Search Unity

  1. Welcome to the Unity Forums! Please take the time to read our Code of Conduct to familiarize yourself with the forum rules and how to post constructively.
  2. Dismiss Notice

More control over updating the experience buffer.

Discussion in 'ML-Agents' started by EternalMe, Jun 28, 2022.

  1. EternalMe


    Sep 12, 2014
    From what I understand a sequence of actions is added to experience buffer when the episode ends or `time_horizon` is reached.

    RL still suffers from "credit assignment problem" right? Because if 70% of the actions were good and 30% not, it doesn't care, for all 100% the probability of repeating will be lowered (or I say banned).

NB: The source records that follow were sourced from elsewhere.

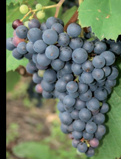
Dans les vignes
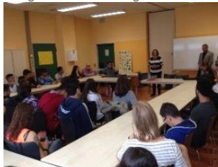
Tag der Ausbildung Juli
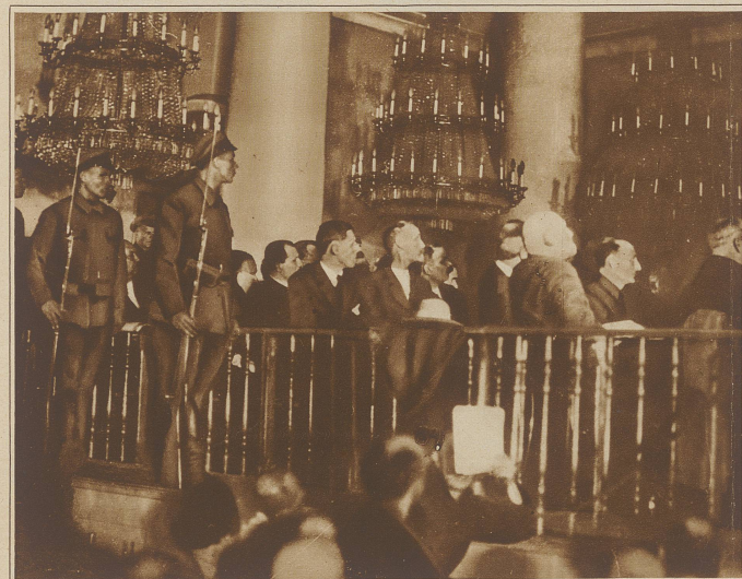
Der Prozeß gegen die Verschwörer des Dones-Bekens, 50 Russen und drei deutsche Ingenieure sind der «Organisation und Förderung einer wirtschaftlichen gegenrevolutionären Verschwörung» angeklagt. Es ist damit zu rechnen, daß etwa 50 der angeklagten Russen zum Tode verurteilt werden, während die drei Deutschen aus außenpolitischen Gründen wohl nur mit Freiheitsstrafen davonkommen werden. Das Bild zeigt einen Blick auf die Anklagebank, die von Rotgardisten mit aufgefingtem Bajonett bewacht wird.

    If I lower `time_horizon` to some very small amount, this can also create similar/opposite problems. Not capturing the whole failing sequence. Or lets say agent does something bad that dooms him to fail at some later point, but then, after, it does actually good stuff to get out of the situation... it fails, so last and actually good actions are banned. Etc..

    For my specific case, I can actually look back at the whole episode and kind of figure out the bad and the good parts. And theoretically I could add them correctly to experience buffer. And this leads to my main questions- Is there such interface to do this? Like

    addExpierience(stepFrom, stepTo, reward)
    or similar? Or workaround?